ODB¶
Note
To be able to read ODB files, ioda
needs to be built in an environment providing access to ECMWF’s odc
library. All of the development containers (Intel, GNU and Clang) include this library.
Reading ODB files¶
To read an ODB file into an ObsSpace
, four options need to be set in the obs space.obsdatain.engine
section of the YAML configuration file:
type
: ODBobsfile
: the path to the ODB file;mapping file
: the path to a YAML file mapping ODB column names and units to IODA variable names;query file
: the path to a YAML file defining the parameters of an SQL query selecting the required data from the ODB file.max number channels
: The max number channels option is intended for use with GNSSRO data where it is desired to treat these observations as profiles (thus altering how tangent-point drift is accounted for). This parameter must be set to zero (the default) if the data are read into a 1D variable, and a number greater than zero if the data are read into a 2D variable.
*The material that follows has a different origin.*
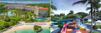 コスパ最高・シャングリ・ラの半額くらい 小学生(12歳以下)の子供は添い寝無料。最大級のウォーターパークが魅力。赤ちゃん向けから中学生まで楽しめる充実度。大型スライダー、造波や流れるプールも人気。プール付きヴィラタイプあり。全室バスタブ付き。キッズクラブあり。日本食・和食など館内10か所のレストランの他、近くにスーパーマーケットや美味しいフィリピン料理店もある。韓国系リゾートなので韓国料理が充実。空港からは車で約20-30分。
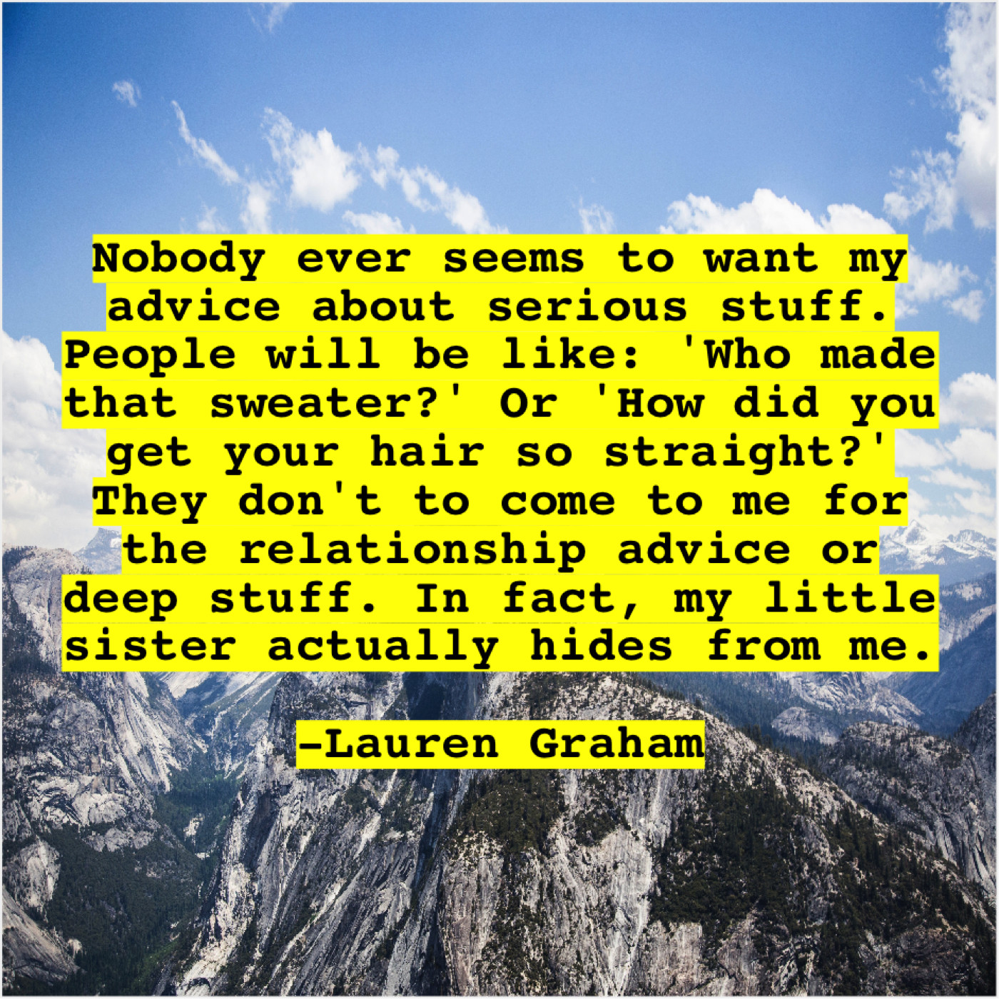 “Nobody ever seems to want my advice about serious stuff. People will be like: ‘Who made that sweater?’ Or ‘How did you get your hair so straight?’ They don’t to come to me for the relationship advice or deep stuff. In fact, my little sister actually hides from me.”

In the 2D case, any profiles which are not a multiple of max number channels in length will be padded with missing data. Unless the typical length of a profile is known, fewer missing values will be used when the value of max number channels is smaller. However, using max number channels greater than one decreases the number of locations in the data, which decreases the number of geovals used. Since geovals typically dominate the memory used by JEDI decreasing the number of locations decreases the overall amount of memory used. On the other hand, those geovals will not be at the correct location for all the observations, so this decreases the accuracy of the calculated H(x). Therefore choosing an appropriate value for max number channels will be a balance between accuracy and memory usage.time window extended lower bound
: Extended lower bound of time window (datetime in ISO-8601 format). This is an optional parameter which, if set, must be a dateTime equal to or earlier than the start of the assimilation window. Observations which lie between this lower bound and the start of the assimilation window have their dateTime set equal to the start of the assimilation window. This ensures that the observation will be accepted by the time window cutoff that is applied in oops. The original value of the datetime is stored inMetaData/initialDateTime
if the unmodified dateTime needs to be accessed.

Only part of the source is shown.